_INSTRUCTIONS TO FOLLOW:_ All lines from the one containing "Choi Minjeong (R)" to the end of the listing below should be output exactly; omit the pictures.

_DATA SEGMENT:_
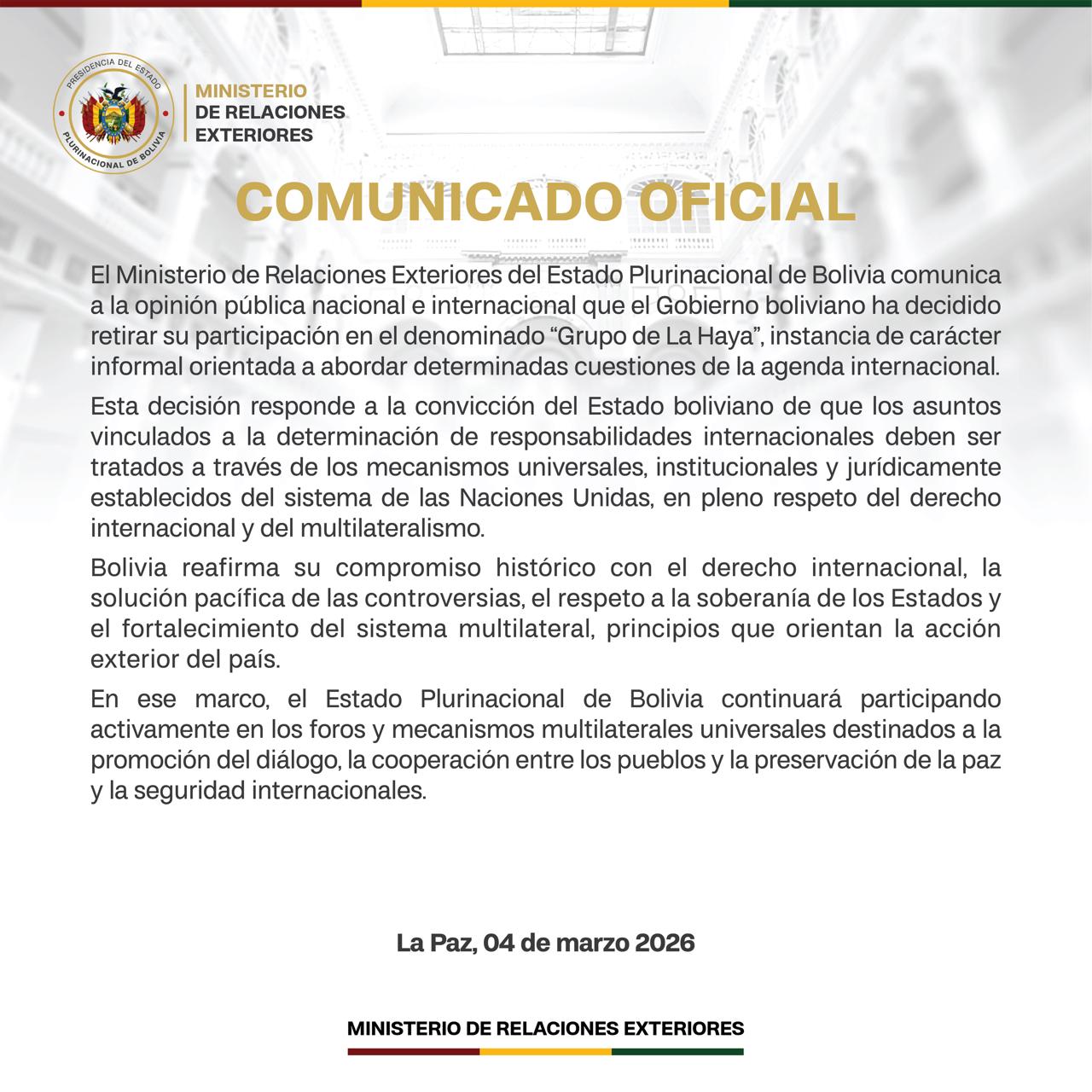 Bolivia decidió retirarse del denominado “Grupo de la Haya”, una organización integrada por países que impulsan acciones en defensa de Palestina en el ámbito internacional. La determinación fue comunicada a través de una nota oficial difundida por la embajada boliviana en Países Bajos y respaldada por un pronunciamiento del Ministerio de Relaciones Exteriores.
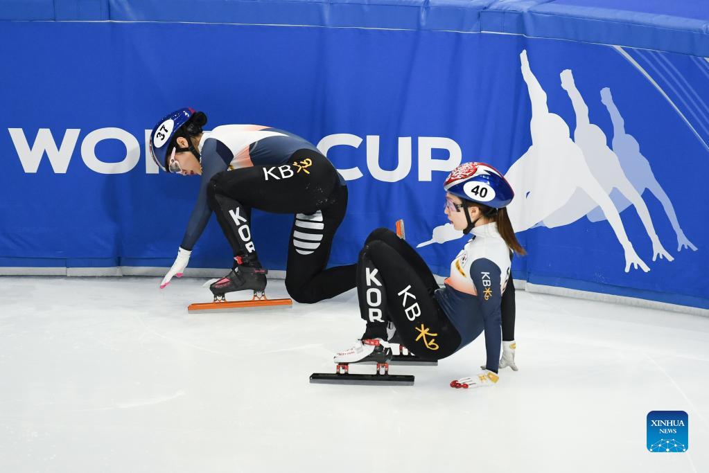 Choi Minjeong (R) and Kim Jiyoo of South Korea crash out during the women's 1500m final at ISU World Cup Short Track 2021/2022 in Beijing, capital of China, on Oct. 23, 2021. (Xinhua/Ju Huanzong)
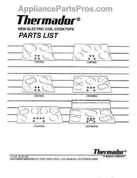 Parts for Thermador CEH30QB: 01 - Cover Parts
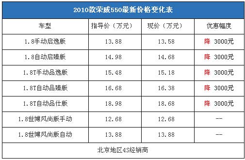 近日,編輯從北京地區(qū)上汽汽車4S經(jīng)銷商處了解到,榮威550全系車型的現(xiàn)車比較充足,購車可以優(yōu)惠3000元左右。據(jù)經(jīng)銷商介紹,在春節(jié)期間推出的榮威550賀歲版在世博會(huì)到來之際改名為“世博風(fēng)尚版”繼續(xù)銷售,因?yàn)橘R歲版車型的性價(jià)比較高,沒有大幅度的現(xiàn)金優(yōu)惠。店內(nèi)銷售人員介紹,如果不需要現(xiàn)金優(yōu)惠,消費(fèi)者在店內(nèi)可獲贈(zèng)世博版大禮包,有機(jī)會(huì)免費(fèi)參加上海世博會(huì)。

_SOLUTION FOR THIS EXERCISE:_
 Choi Minjeong (R) and Kim Jiyoo of South Korea crash out during the women's 1500m final at ISU World Cup Short Track 2021/2022 in Beijing, capital of China, on Oct. 23, 2021. (Xinhua/Ju Huanzong)
 Parts for Thermador CEH30QB: 01 - Cover Parts
 近日,編輯從北京地區(qū)上汽汽車4S經(jīng)銷商處了解到,榮威550全系車型的現(xiàn)車比較充足,購車可以優(yōu)惠3000元左右。據(jù)經(jīng)銷商介紹,在春節(jié)期間推出的榮威550賀歲版在世博會(huì)到來之際改名為“世博風(fēng)尚版”繼續(xù)銷售,因?yàn)橘R歲版車型的性價(jià)比較高,沒有大幅度的現(xiàn)金優(yōu)惠。店內(nèi)銷售人員介紹,如果不需要現(xiàn)金優(yōu)惠,消費(fèi)者在店內(nèi)可獲贈(zèng)世博版大禮包,有機(jī)會(huì)免費(fèi)參加上海世博會(huì)。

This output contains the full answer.